Зоя Космодемьянская | страница 125



Отправляясь обедать, генерал отдал соответствующие распоряжения.


Долго везли Веру в кузове грузовика по тряской дороге. Было так холодно, что заледенели, покоробились окровавленные бинты. Перевязали девушку торопливо, неумело, кровь продолжала сочиться и, казалось, вместе с ней уходят, иссякают силы. Все острее болело простреленное плечо и ломило грудь; так ломило, что невозможно становилось дышать. Особенно возрастала боль, когда начинал бить озноб — Вера даже зубы стискивала, боясь закричать. Несколько раз сознание покидало ее.

В совхозе девушку перенесли в пустовавший дом рядом со школой, положили на широкую лавку возле стены. Вскоре пришел офицер. Вера смутно различала его круглое белое лицо. С трудом понимала вопросы. Откуда она шла? С кем? Как ее зовут?
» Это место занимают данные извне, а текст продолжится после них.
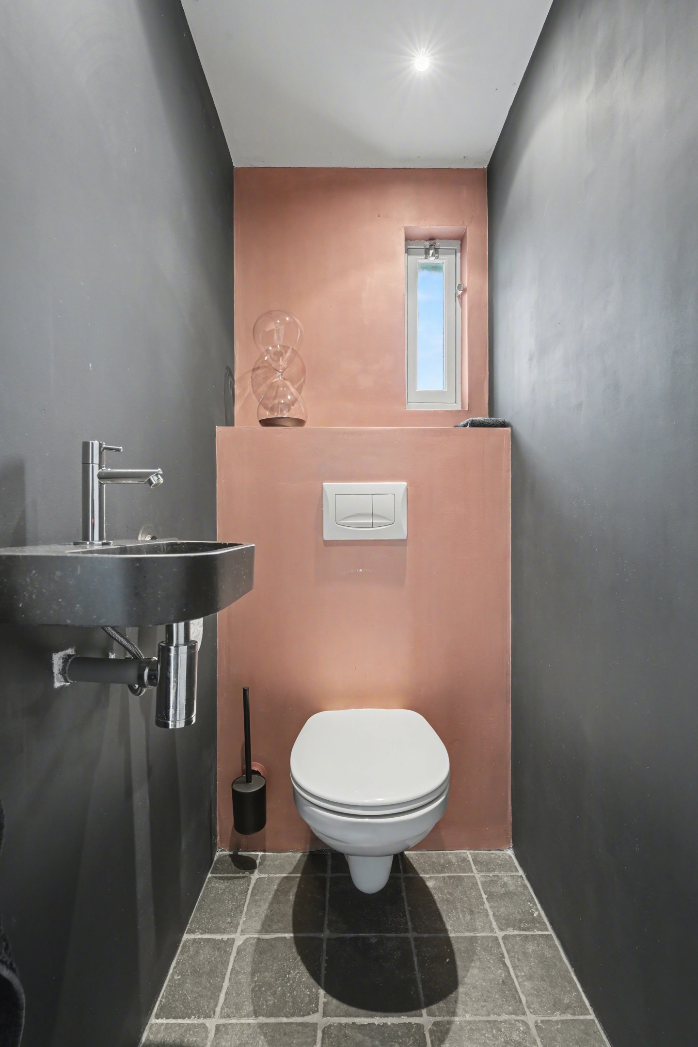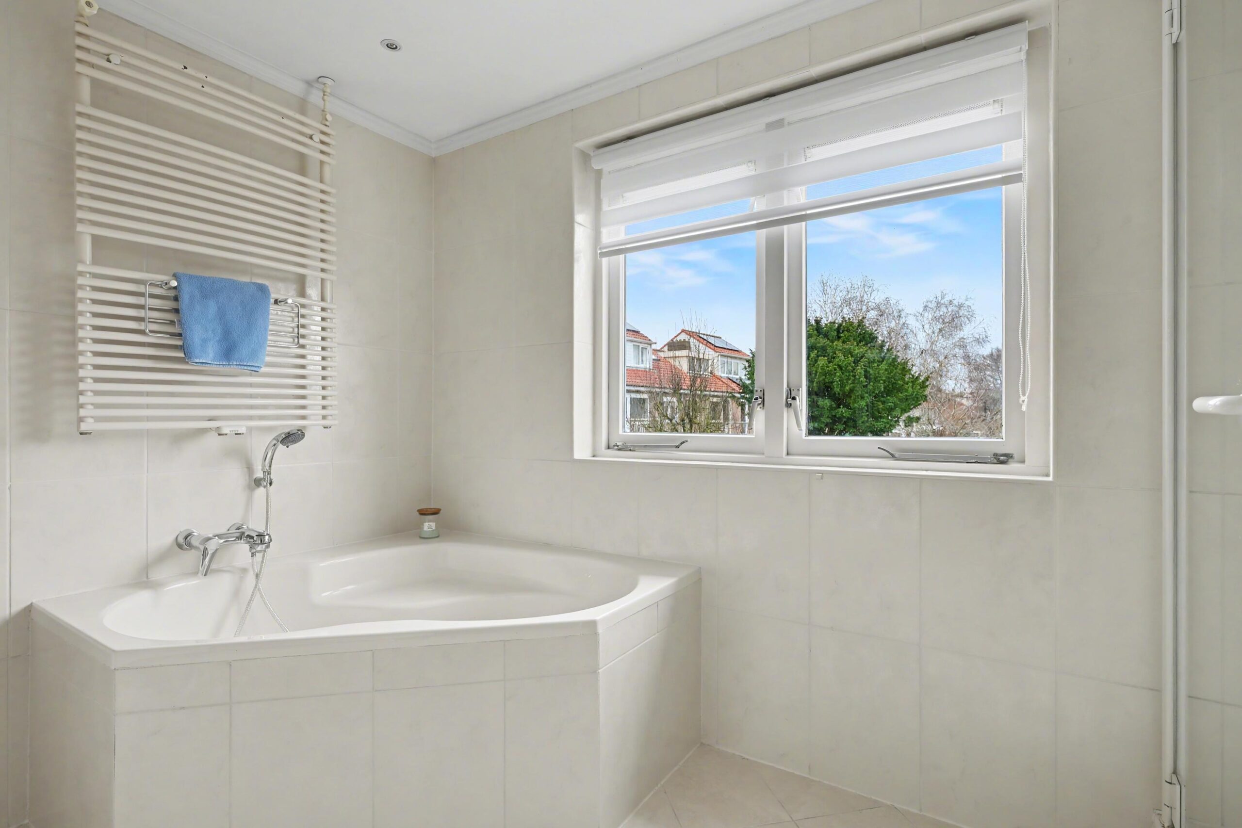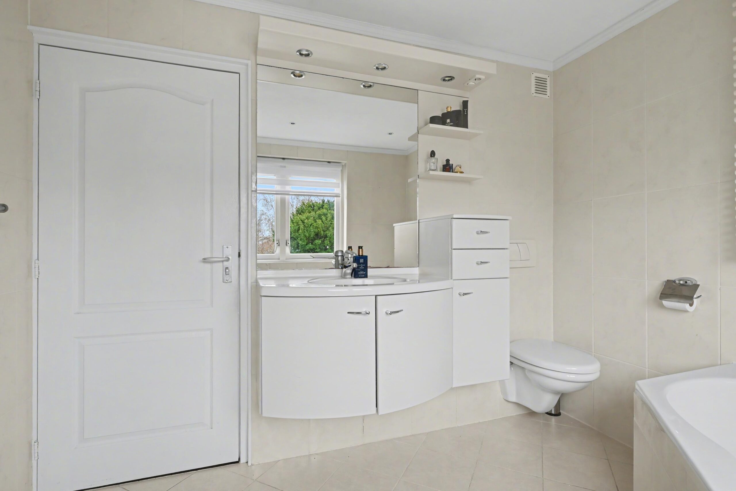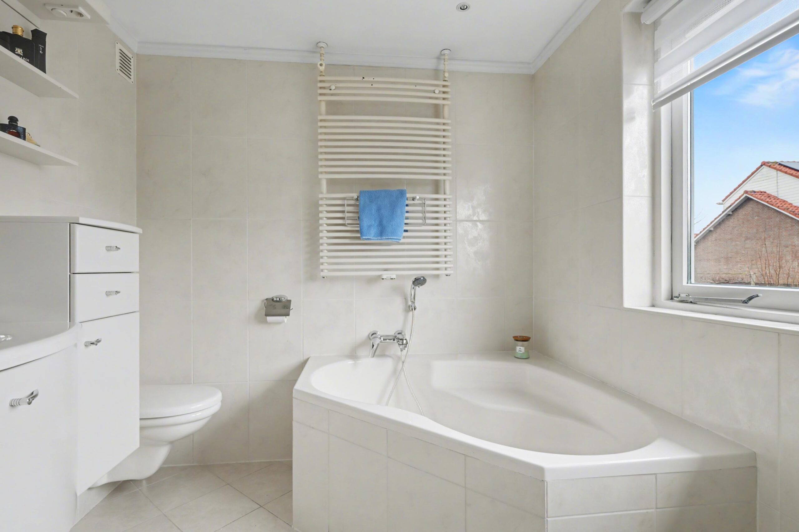 De ruime badkamer is voorzien van een ligbad, aparte douchehoek, wastafelmeubel met spiegel, tweede toilet, designradiator, vloerverwarming en inbouwspots.
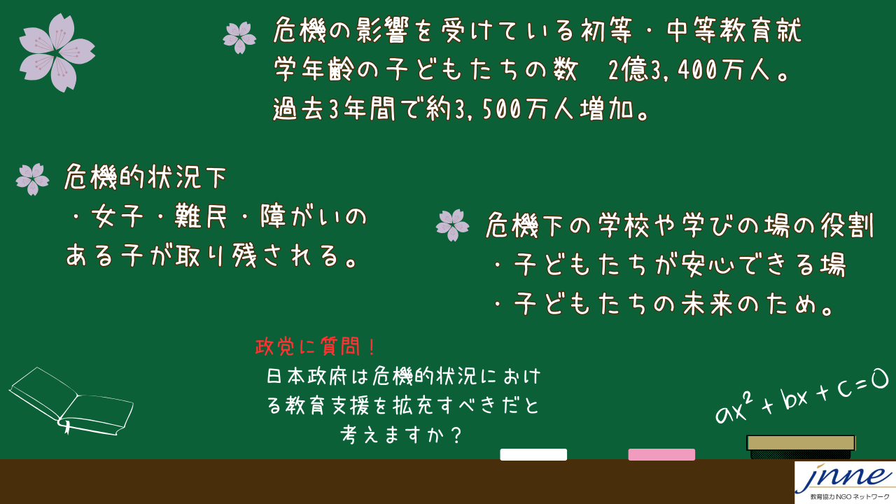 | A党 | 戦争、長期間の紛争、大規模災害等によって、学校教育を受けられない状況に置き去りにされた子どもたちに対しては、当事国にのみ任せるのではなく、国際社会の積極的な支援が必要です。難民の子ども、紛争下における女子は、特に不利な状況に置かれているという調査もあります。この事態を放置することは人権の問題だけでなく、当該地域の将来の安定の芽を摘むことにもなり、周辺国の不安定化を招きかねません。 日本は、国際教育協力政策を見直し、日本は2023年に基金への支援を開始しましたが、ECWに拠出を充実させることを「平和外交」の一環として位置付けることも必要です。 | |||||||
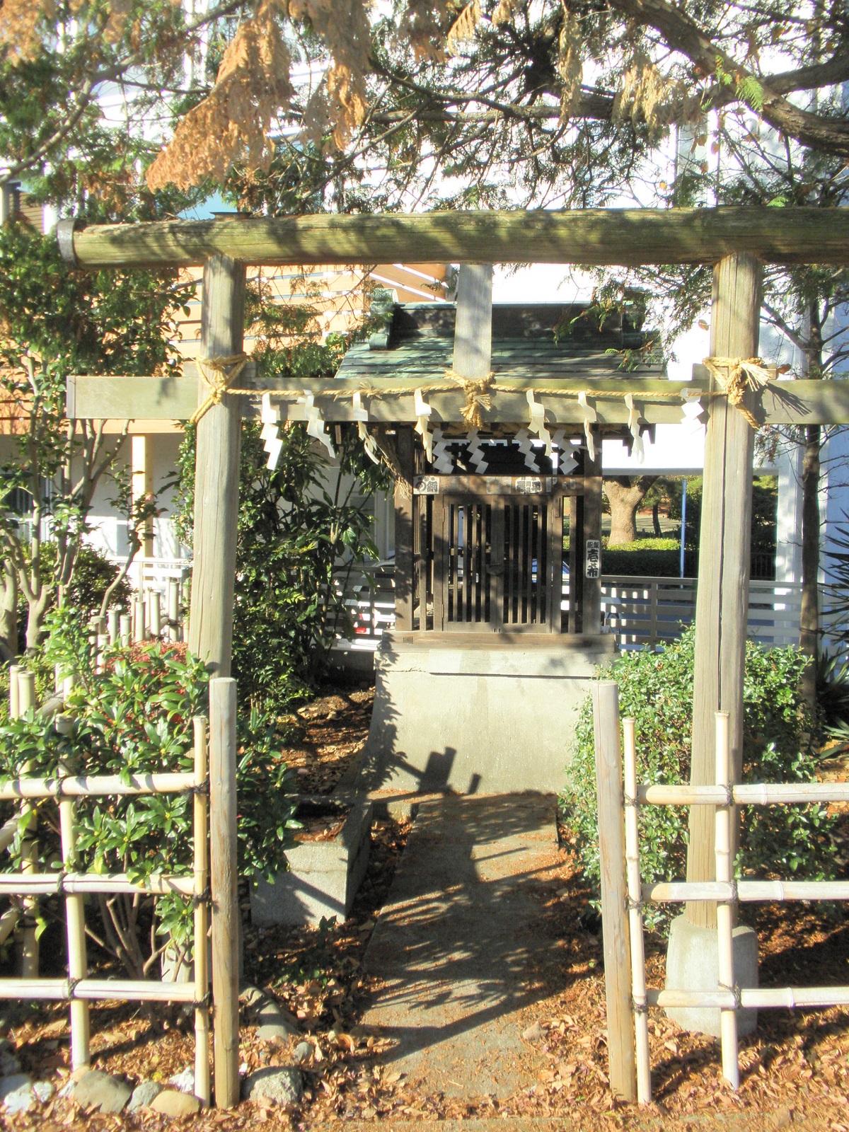近藤勇生家跡:この地は新選組局長近藤勇の生家跡である。近藤勇は、天保5年(1834)宮川久次郎の三男(幼名勝五郎)としてこの地に生まれ育った。15歳の時天然理心流近藤周助の養子となり近藤姓を名乗った。当時、宮川家の屋敷は面積約七千平方メートルの広さがあり、建物は母屋のほか蔵屋敷、文庫蔵、乾燥納屋、地下蔵、農具入納屋等があり、周囲はケヤキ、カシその他の大木や竹林が茂っていた。現在の跡地は、屋敷の東南部に位置し、昭和18年に家がとりこわされるまで使用していた井戸を残すのみである。近藤神社:近藤神社は、徳川将軍家のために、忠誠心を貫いた近藤勇を尊び、昭和初期に東京一円の有志達によって近藤勇の生家跡に建立された。その後、荒れるにまかせていた社を一時別の場所に移設していたが、昭和52年に生家跡が市の史跡に指定されたのを受けて、昭和54年に戻したものである。
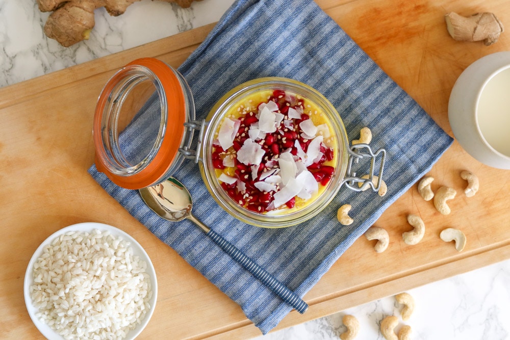 1. Den Milchreis mit Pflanzenmilch und Kurkuma in einem kleinen Topf aufkochen und dann bei schwacher Hitze für ca. 25 Minuten köcheln lassen.
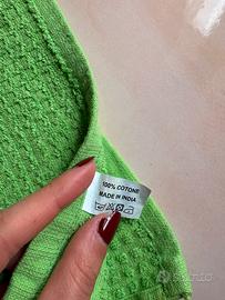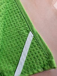 Vendesi stock di asciugamani professionali color verde prato, ideali per parrucchieri, barbieri, centri estetici. Caratteristiche del prodotto: • Qualità professionale: Tessuto con trama a nido d’ape/spugna leggera, progettato per un’asciugatura rapida e un'ottima assorbenza. • Materiale: 100% Cotone (Cotone indiano di alta qualità). • Dimensioni: circa 80 cm x 50 cm (misura standard da salone). • Dettagli: Dotati di pratica asola bianca rinforzata per essere appesi facilmente. • Stato: Nuovi, mai usati (disponibili ancora sigillati, come da foto). Vantaggi: • Resistenti ai lavaggi frequenti (fino a 40°C come da etichetta). • Colore vivace e moderno che dona un tocco di energia all'ambiente. • Ottimo rapporto qualità-prezzo per rinnovo attrezzatura o nuova apertura.
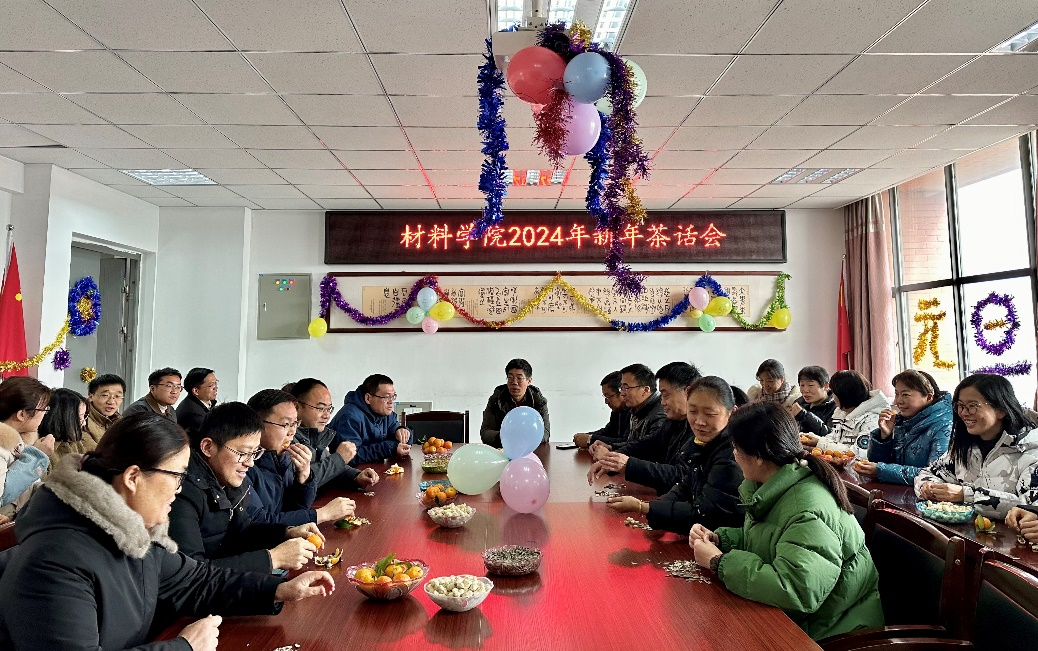 在元旦佳节来临之际,为认真贯彻落实党的二十大精神,丰富教职工文化生活,营造一个和谐、祥和、温馨的节日氛围。2023年12月29日下午,材料学院分工会在崇义楼B306举行了“庆元旦 迎新年”茶话会活动”。学院班子成员与教职工欢聚一堂,共度元旦,喜迎新年。

Вере хотелось сказать, что все это зря, отвечать она не намерена, но говорить так офицеру не следовало, пусть видит, что она ослабела, ни одного слова произнести не может. Да и действительно, губы не подчинялись ей, она погружалась в забытье и только громкий голос вновь и вновь возвращал ее к действительности… А может, это не офицер, может, это отец Клары — инженер, приезжавший из Германии строить Кемеровскую ГРЭС? И Вера с подружками-шестиклассницами слушает его, изучает немецкую речь? Главное — произносить правильно…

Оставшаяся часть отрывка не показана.